Love Your Shorts Film Festival
- Location: Sanford, Florida, U.S.
- Founded: 2010
- Language: International
- Website: http://www.loveyourshorts.com

= Love Your Shorts Film Festival =

The Love Your Shorts Film Festival is an annual film festival held each February in Sanford, Florida that showcases short films of 30 minutes or less from around the world. The festival features screenings, filmmaker panels, networking events, and awards presentations. Events take place primarily at the historic Ritz Theater in downtown Sanford. The 17th annual festival is scheduled to take place February 4–7, 2027.

==History==
The festival was founded in 2010, with its inaugural event held in February 2011 at the Greater Sanford Regional Chamber of Commerce. Due to increasing submissions and audience attendance, the festival relocated in 2012 to the Ritz Theater at the Wayne Densch Performing Arts Center, a restored theater originally opened in the early 1920s.

Since its founding, Love Your Shorts has continued annually and has expanded into a four-day event featuring numerous screening blocks, filmmaker networking opportunities, and community activities. 2027 will mark the 17th edition of the fest.

==Format==
Love Your Shorts screens only short films, each under 30 minutes in length. Films are organized into themed blocks, which have included categories such as comedy, drama, documentary, animation, science fiction/horror, family-friendly programming, international shorts, and “Florida Flavor,” which highlights films made in Florida or by Florida-based filmmakers.

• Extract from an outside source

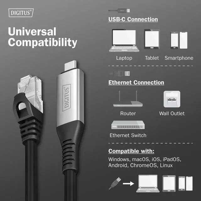 Wide Compatibility with MacOS and Windows - Works seamlessly with all USB-C enabled laptops, tablets and smartphones that don't have their own LAN connection
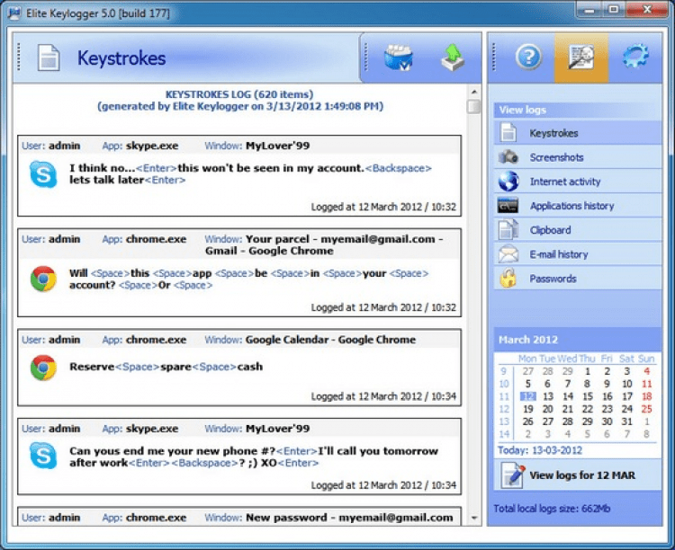 Elite Keylogger - это мощнейший кейлоггер для ведения тайного мониторинга всех типов пользовательской активности. В возможности кейлоггера входит отслеживание всех типов переписки от ICQ до e-mail, посещенных пользователями веб-сайтов, набранных паролей и используемых программ. Кроме этого Elite Keylogger генерирует снимки рабочего экрана пользователя, что гарантирует, что ни одно его действие не останется незамеченным.

Audience members vote for their favorite films within each block. Block winners advance to a final “Best of the Fest” screening, where a panel of judges selects overall award winners. Winning films receive the festival’s signature award, known as the “Monroe,” a metal art piece named after nearby Lake Monroe.

Screenings are typically followed by question-and-answer sessions with attending filmmakers. The festival also hosts moderated panels focused on filmmaking techniques and industry topics as part of its Education Night.

==Filmmaker participation==
Filmmakers whose works are selected for screening are provided a range of hospitality and networking opportunities during the festival weekend. These include:

- A full weekend pass granting access to all festival screenings and events.
- Access to a dedicated filmmaker lounge throughout the weekend, with complimentary refreshments.
- An opening-night party for filmmakers, sponsors, and volunteers, featuring catered food and live music.
- A community-hosted Saturday morning breakfast for visiting filmmakers.
- Question-and-answer sessions following screenings.
- A “Best of the Fest” block selected by a panel of judges, followed by an awards presentation and after-party open to attendees.

==Venue==
The primary venue for the festival is the Ritz Theater at the Wayne Densch Performing Arts Center in downtown Sanford. Originally opened in 1923 and later restored, the theater seats nearly 600 patrons and serves as a cultural landmark in Seminole County.

==Reception==
The festival has developed a regional reputation within Central Florida as a well-attended short film event with active audience participation and filmmaker engagement.

Based on participant reviews, Love Your Shorts has been listed among FilmFreeway’s “Top 100 Best Reviewed Festivals,” a distinction determined by filmmaker ratings on the submission platform.